The discipline of guarding what the ear receives. Proverbs returns repeatedly to the theme: Bow down thine ear, and hear the words of the wise, and apply thine heart unto my knowledge (22:17); The hearing ear, and the seeing eye, the LORD hath made even both of them (20:12); He that turneth away his ear from hearing the law, even his prayer shall be abomination (28:9). The biblical ear is morally engaged: it can be heavy of hearing (Isa 6:10), uncircumcised (Jer 6:10), or quick to hear what edifies (James 1:19). Ear discipline involves both refusal (the ear that refuses to receive gossip, mockery, slander, corrupting voices) and active reception (the ear that trains itself to hear God, wisdom, godly rebuke without flinching). The Christian who has cultivated his ears can hear correction without collapsing; the Christian who has not cannot. Christ's repeated he that hath ears to hear, let him hear assumes that hearing is a moral capacity that some have cultivated and others have not.
EAR: The organ of hearing; figuratively, attention or willingness to hear; the second gateway of the soul.
1. The organ of hearing; the auditory apparatus. 2. The sense of hearing; attention. 3. Willingness to hear or listen. The disciplined ear refuses what defiles, welcomes what corrects, and tunes itself to the still small voice of God.

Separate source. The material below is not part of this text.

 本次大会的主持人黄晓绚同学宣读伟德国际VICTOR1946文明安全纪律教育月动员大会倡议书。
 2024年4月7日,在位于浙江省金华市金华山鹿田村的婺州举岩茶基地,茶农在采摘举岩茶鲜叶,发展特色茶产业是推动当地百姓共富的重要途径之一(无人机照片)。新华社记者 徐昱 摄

Proverbs 18:13 — "He who answers a matter before he hears it, it is folly and shame to him."
James 1:19 — "Let every man be swift to hear, slow to speak, slow to wrath."
Proverbs 15:31 — "The ear that hears the rebukes of life will abide among the wise."

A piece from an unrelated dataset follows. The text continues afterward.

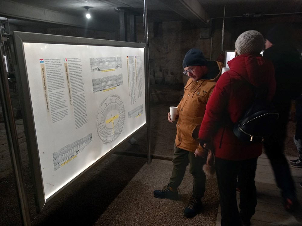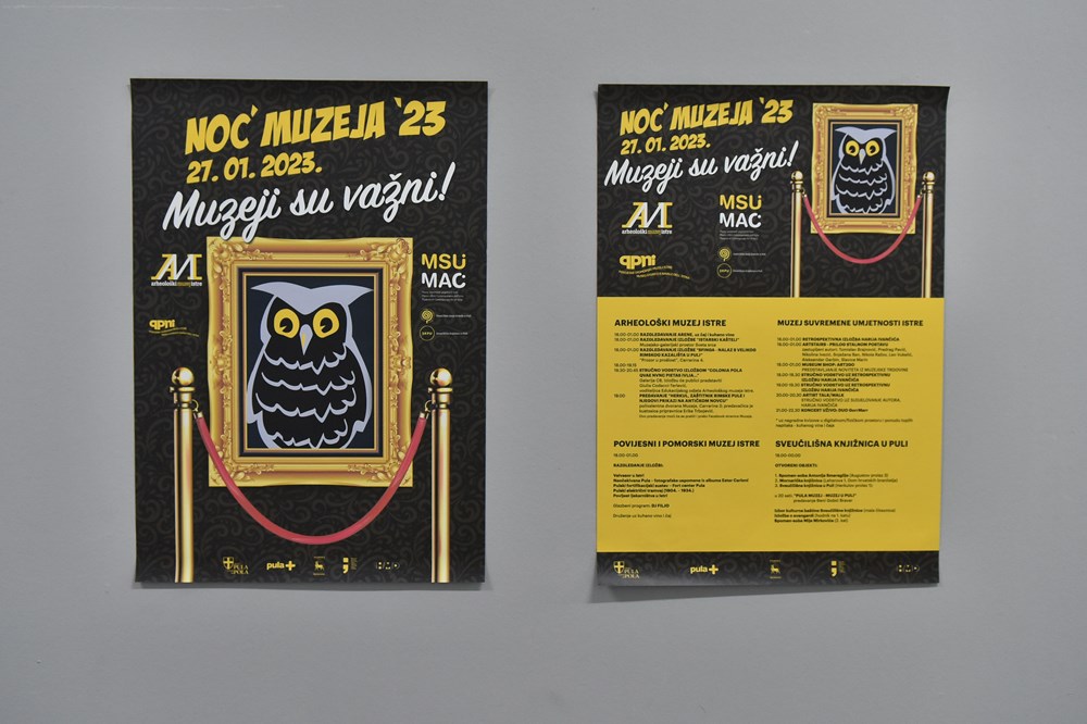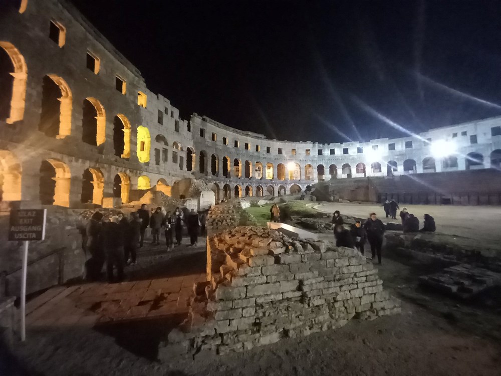 Uz slogan i naslov manifestacije "Muzeji u važni!" posjetitelji su mogli razgledati Arenu uz kuhano vino i topli čaj, a bilo je tu i stručno vodstvo izložbom "Colonia Pola, Qvae Nvnc Pietas Ivlia..." uz voditeljicu Edukacijskog odjela Arheološkog muzeja Istre Giuliu Codacci Terlević u Galeriji C8. Već tijekom poslijepodnevnih sati tu su izložbu organizirano posjetila djeca iz produženog boravka OŠ Tone Peruška sa svojim učiteljicama. Potom su tijekom cijele večeri tu bile grupe zainteresiranih raznih godišta.

Proverbs 17:4 — "An evildoer gives heed to false lips; a liar listens eagerly to a spiteful tongue."
Modern believers feast on podcasts, gossip, and outrage media without filter. Scripture treats the ear-gate as sacred — what we listen to forms what we love.
The ear has been deregulated. We listen to whatever is loudest, funniest, or most affirming — mockery dressed as commentary, slander dressed as news, lust dressed as romance. Proverbs warns that the liar listens eagerly to the spiteful tongue, yet we call this entertainment.
The disciplined ear is selective. It refuses gossip as readily as it refuses pornography. It welcomes the rebuke of the wise even when it stings. It tunes itself to Scripture, to sound preaching, to truthful counsel. The disciple who guards the ear-gate guards the heart's second door, and his loves grow ordered as his listening grows ordered.
Hebrew ozen (ear) and shama (to hear). Greek ous and akoue.
"Whatever you listen to long enough, you will defend."
"The liar finds his audience — refuse to be it."
"A welcomed rebuke is a wise ear's feast."